NIST Offers Guidance on Contingency Planning, Cell Phone Security


The National Institute of Standards and Technology, a non-regulatory federal agency within the U.S. Department of Commerce, promotes U.S. innovation and industrial competitiveness by advancing measurement science, standards, and technology in ways that enhance economic security and improve our quality of life.


The NIST has uploaded two of its publications to the Knowledge Network, the first being Guidelines on Cell Phone and PDA Security. While these mobile devices provide productivity benefits, the NIST argues that they also pose new risks to an organization.


NIST's concerns include:


  • Because of their small size and use outside the office, handheld devices can be easier to misplace or to have stolen than a laptop or notebook computer. If they do fall into the wrong hands, gaining access to the information they store or are able to access remotely can be relatively easy.


  • Communications networks, desktop synchronization, and tainted storage media can be used to deliver malware to handheld devices. Malware is often disguised as a game, device patch, utility or other useful third-party application available for download. Once installed, malware can initiate a wide range of attacks and spread itself onto other devices.


  • Similar to desktop computers, cell phones and PDAs are subject to spam, but this can include text messages and voice mail, in addition to electronic mail. Besides the inconvenience of deleting spam, charges may apply for inbound activity. Spam can also be used for phishing attempts.


  • Electronic eavesdropping on phone calls, messages, and other wirelessly transmitted information is possible through various techniques. Installing spy software on a device to collect and forward data elsewhere, including conversations captured via a built-in microphone, is perhaps the most direct means, but other components of a communications network, including the airwaves, are possible avenues for exploitation.

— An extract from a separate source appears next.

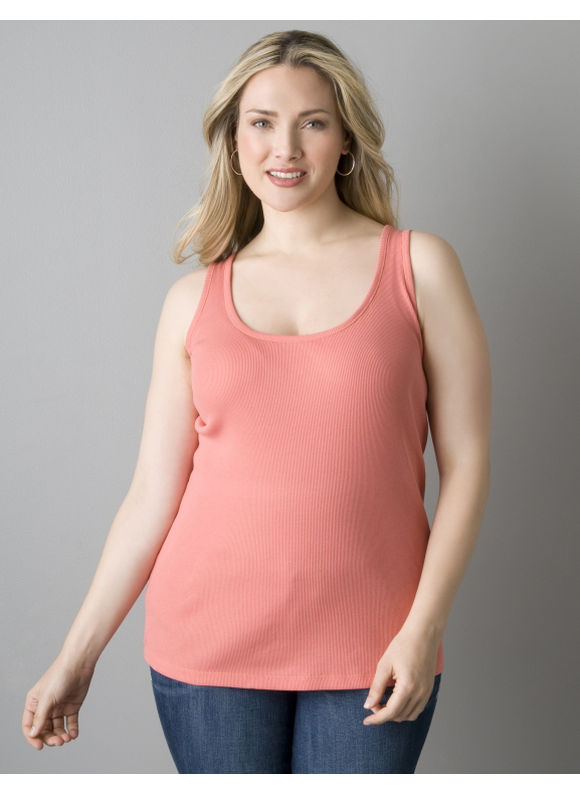 Lane Bryant, available in Plus Size. A wardrobe classic, this scoop neck muscle tank top is ultra soft and versatile! Color: HOLLYHOCK

This document provides an overview of cell phone and PDA devices in use today and offers insights into making informed information technology security decisions on their treatment. The document gives details about the threats and technology risks associated with the use of these devices and the available safeguards to mitigate them. Organizations can use this information to enhance security and reduce incidents involving cell phone and PDA devices.

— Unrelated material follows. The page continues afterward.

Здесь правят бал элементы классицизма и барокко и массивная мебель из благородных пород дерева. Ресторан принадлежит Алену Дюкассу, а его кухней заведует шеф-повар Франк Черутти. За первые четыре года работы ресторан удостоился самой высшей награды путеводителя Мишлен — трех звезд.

The second document uploaded to the Knowledge Network by the NIST is a Contingency Planning Guide for IT Systems. This in-depth guide provides instructions, recommendations, and considerations for government IT contingency planning. Contingency planning refers to disaster recovery, or interim measures to recover IT services following an emergency or system disruption. Interim measures may include the relocation of IT systems and operations to an alternate site, the recovery of IT functions using alternate equipment, or the performance of IT functions using manual methods.